# What needs to be done
The listing below holds a line with "Media Release -- The" and a line with "Dieses Swatch Uhrarmband". Reproduce those two lines exactly, plus everything between them.

# Given data
*** Begin section ***
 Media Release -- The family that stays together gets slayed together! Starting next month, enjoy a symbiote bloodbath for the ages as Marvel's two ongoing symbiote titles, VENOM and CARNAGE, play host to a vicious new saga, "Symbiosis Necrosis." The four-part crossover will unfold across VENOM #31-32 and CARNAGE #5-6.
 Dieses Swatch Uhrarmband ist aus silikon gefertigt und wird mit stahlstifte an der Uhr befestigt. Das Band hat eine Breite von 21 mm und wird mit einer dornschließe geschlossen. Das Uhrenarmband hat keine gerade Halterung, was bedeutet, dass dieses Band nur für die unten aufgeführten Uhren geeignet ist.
*** End section ***
*** Begin section ***
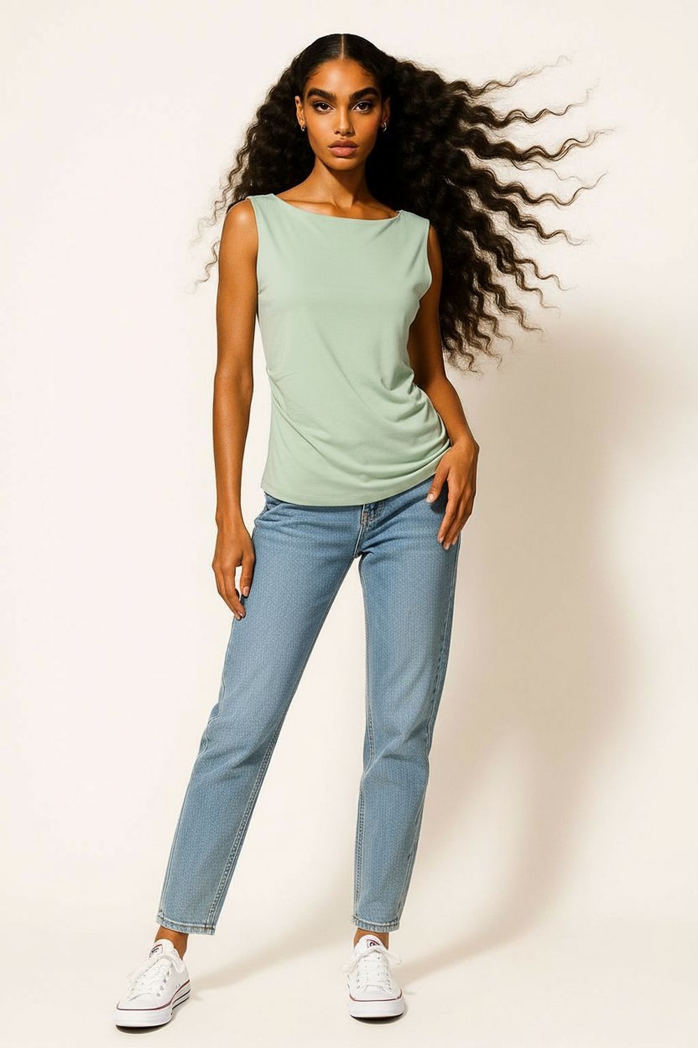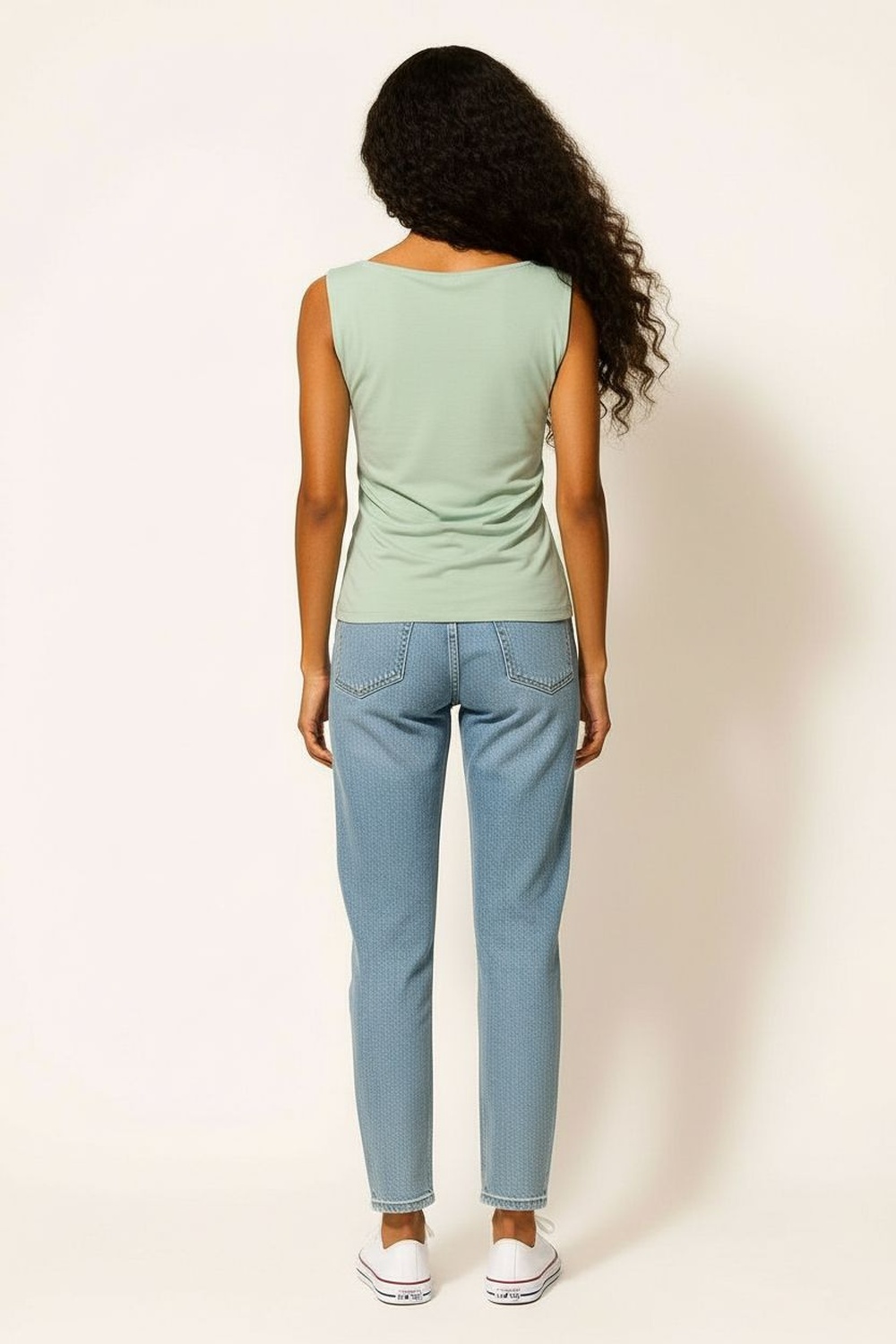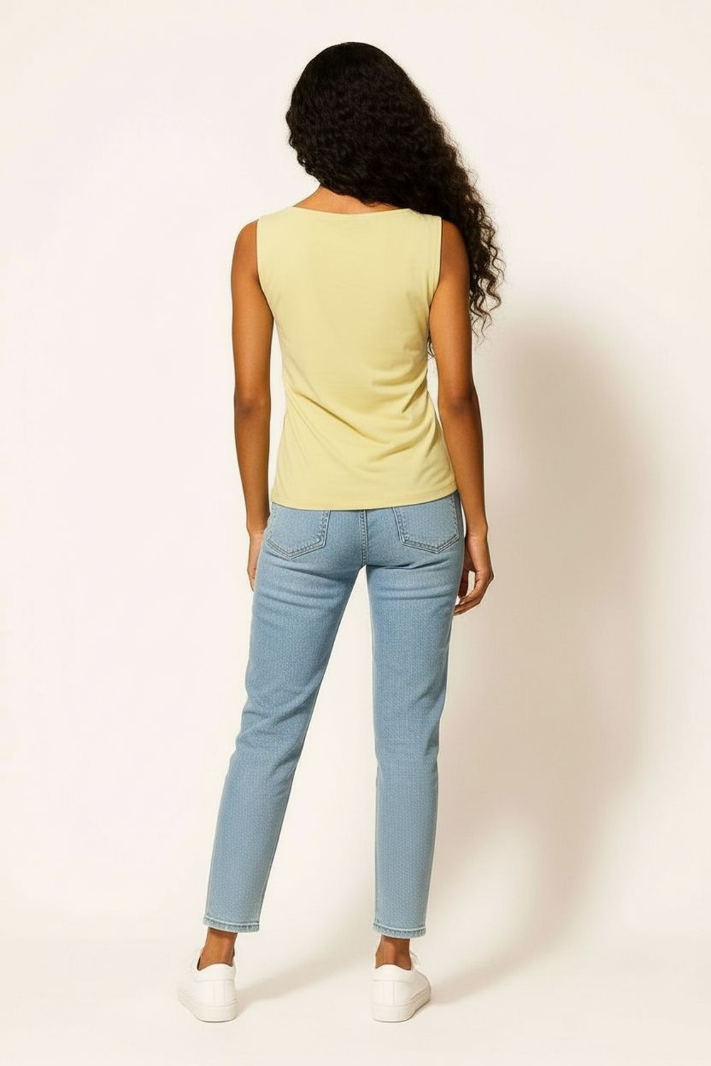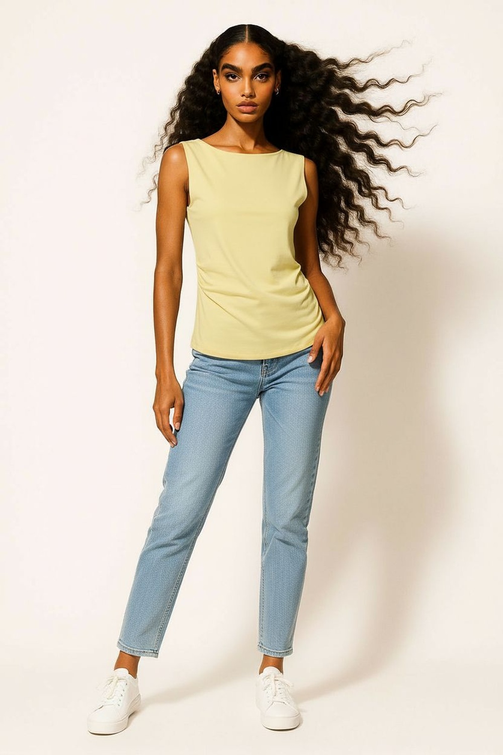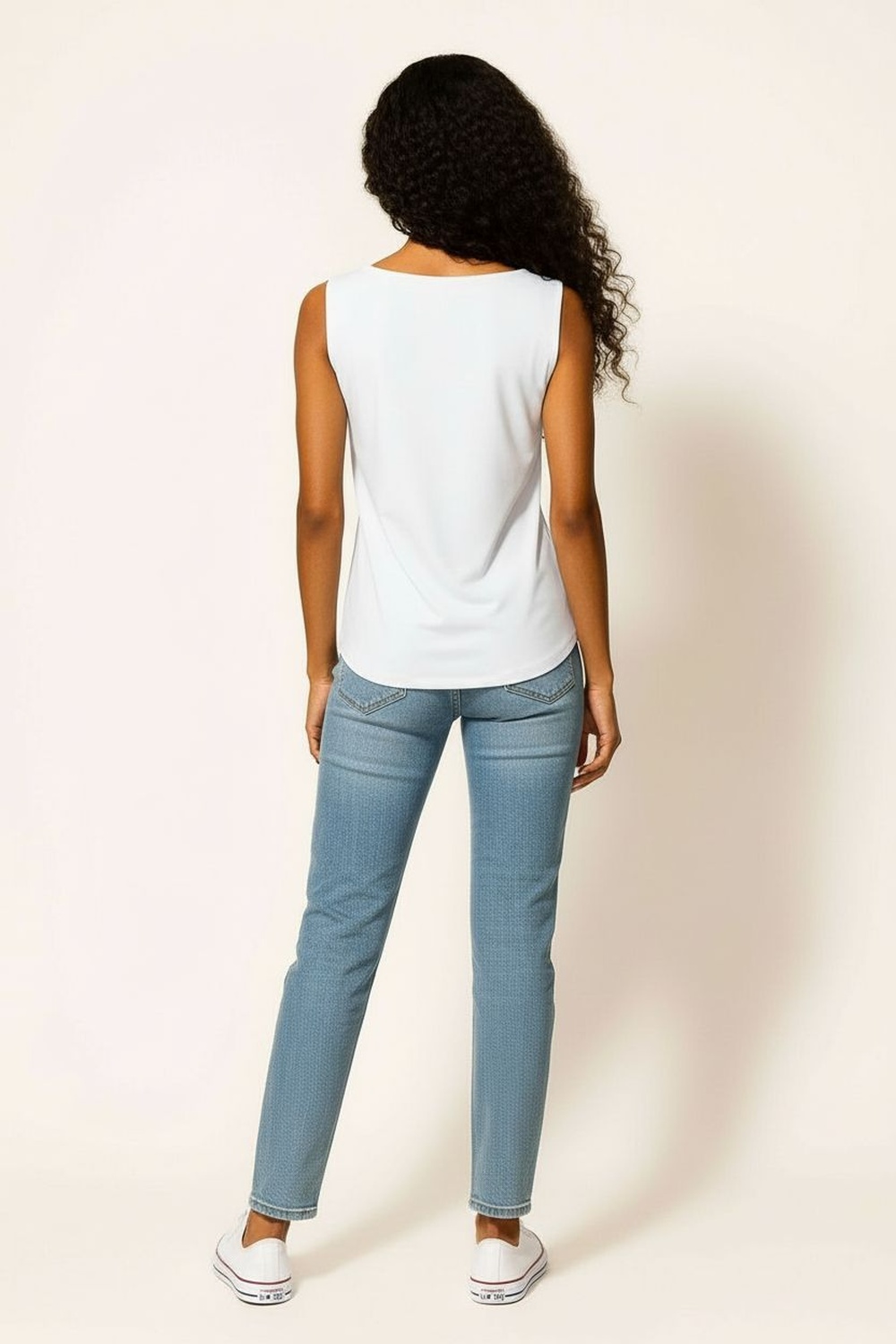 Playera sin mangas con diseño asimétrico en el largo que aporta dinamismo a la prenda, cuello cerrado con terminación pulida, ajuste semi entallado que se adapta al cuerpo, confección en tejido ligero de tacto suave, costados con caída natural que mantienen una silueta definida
*** End section ***
# Output of the exercise
 Media Release -- The family that stays together gets slayed together! Starting next month, enjoy a symbiote bloodbath for the ages as Marvel's two ongoing symbiote titles, VENOM and CARNAGE, play host to a vicious new saga, "Symbiosis Necrosis." The four-part crossover will unfold across VENOM #31-32 and CARNAGE #5-6.
 Dieses Swatch Uhrarmband ist aus silikon gefertigt und wird mit stahlstifte an der Uhr befestigt. Das Band hat eine Breite von 21 mm und wird mit einer dornschließe geschlossen. Das Uhrenarmband hat keine gerade Halterung, was bedeutet, dass dieses Band nur für die unten aufgeführten Uhren geeignet ist.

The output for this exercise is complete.